Trying not to turn this into "falsehoods developers believe about geographic names", but having done natural-language geocoding at scale (MetaCarta 2002-2010, acquired by Nokia) the most valuable thing was a growing set of tagged training data - because we were actually building the models out of that, but also because it would detect regressions; I suspect you needed something similar to "keep the LLMs in line", but you also need it for any more artisinal development approach too. (I'm a little surprised you even have a single-value-return search() function, issue#44 is just the tip of the iceberg - https://londonist.com/london/features/places-named-london-th... is a pretty good hint that a range of answers with probabilities attached is a minimum starting point...)

tomaytotomato 1 month ago

Thanks for this - its interesting how I have come to this conclusion as well.
My reworked approach is to return a list of results with a probability or certainty score.
In the situation of someone searching for London, I need to add some sort of priority for London, UK.
My dataset is sourced from an opensource JSON file which I am now pre-processing and identifying all collisions on it.
There are so many collisions!
Could I pick your brains and you could critique my approach?

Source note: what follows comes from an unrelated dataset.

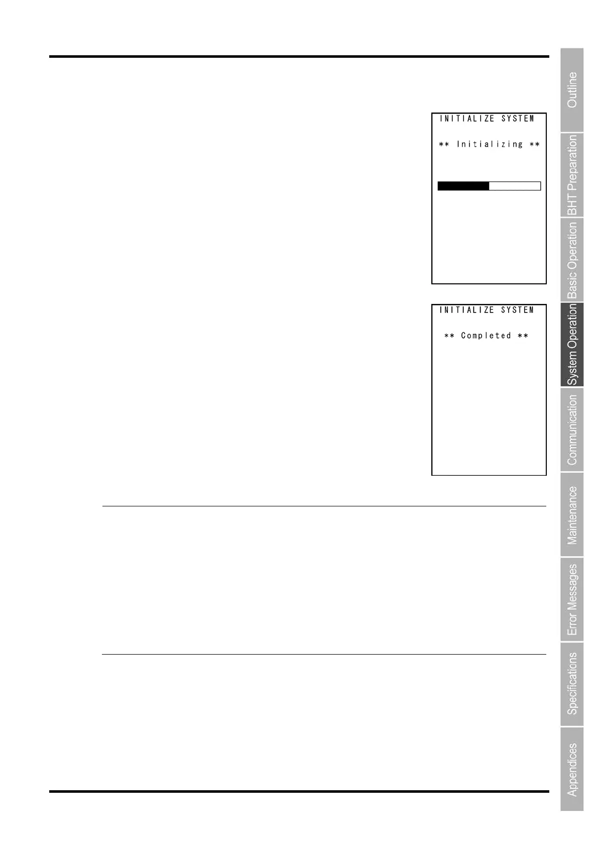 Never turn OFF the BHT power during system initialization. Turning the power OFF too early

Thanks

skybrian 1 month ago

I find that asking it to write a design doc first and reviewing that (both you and the bot can do reviews) gets better results.

softwaredoug 1 month ago

Sounds a lot like model training and I’ve treated this sort of programming with AI exactly like that importantly making sure I have a test/train split

Make sure there’s a holdout the agent can’t see that it’s measured against. (And make sure it doesn’t cheat)

https://softwaredoug.com/blog/2026/01/17/ai-coding-needs-tes...

faxmeyourcode 1 month ago

> LLMs dont care about the story, they just care about the current state of the code

You have to tell it about the backstory. It does not know unless you write about it somewhere and give it as input to the model.

krona 1 month ago

The commit history of that repo is pretty detailed at first glance.

krona 1 month ago

If Claude read the entire commit history, wouldn't that allow it to make choices less incongruent with the direction of the project and general way of things?

px43 1 month ago

> it struggles

It does not struggle, you struggle. It is a tool you are using, and it is doing exactly what you're telling it to do. Tools take time to learn, and that's fine. Blaming the tools is counterproductive.

If the code is well documented, at a high level and with inline comments, and if your instructions are clear, it'll figure it out. If it makes a mistake, it's up to you to figure out where the communication broke down and figure out how to communicate more clearly and consistently.

smrq 1 month ago

"My Toyota Corolla struggles to drive up icy hills." "It doesn't struggle, you struggle." ???
It's fine to critique your own tools and their strengths and weaknesses. Claiming that any and all failures of AI are an operator skill issue is counterproductive.
zeroCalories 1 month ago
Not all tools are right for all jobs. My spoon struggles to perform open heart surgery.
- rtp4me 1 month ago
  
  But as a heart surgeon, why would you ever consider using a spoon for the job? AI/LLMs are just a tool. Your professional experience should tell you if it is the right tool. This is where industry experience comes in.
  
  1 reply →
vrighter 1 month ago

A tool is something I can tightly control. A thing that may or may not work today, and if it does, might stop working tomorrow when the model gets updated without any notification to anyone, the output of which I have to very carefully scrutinize anyway, is not a tool. It's a toy.
whateveracct 1 month ago

This sounds like coding with plaintext with extra steps.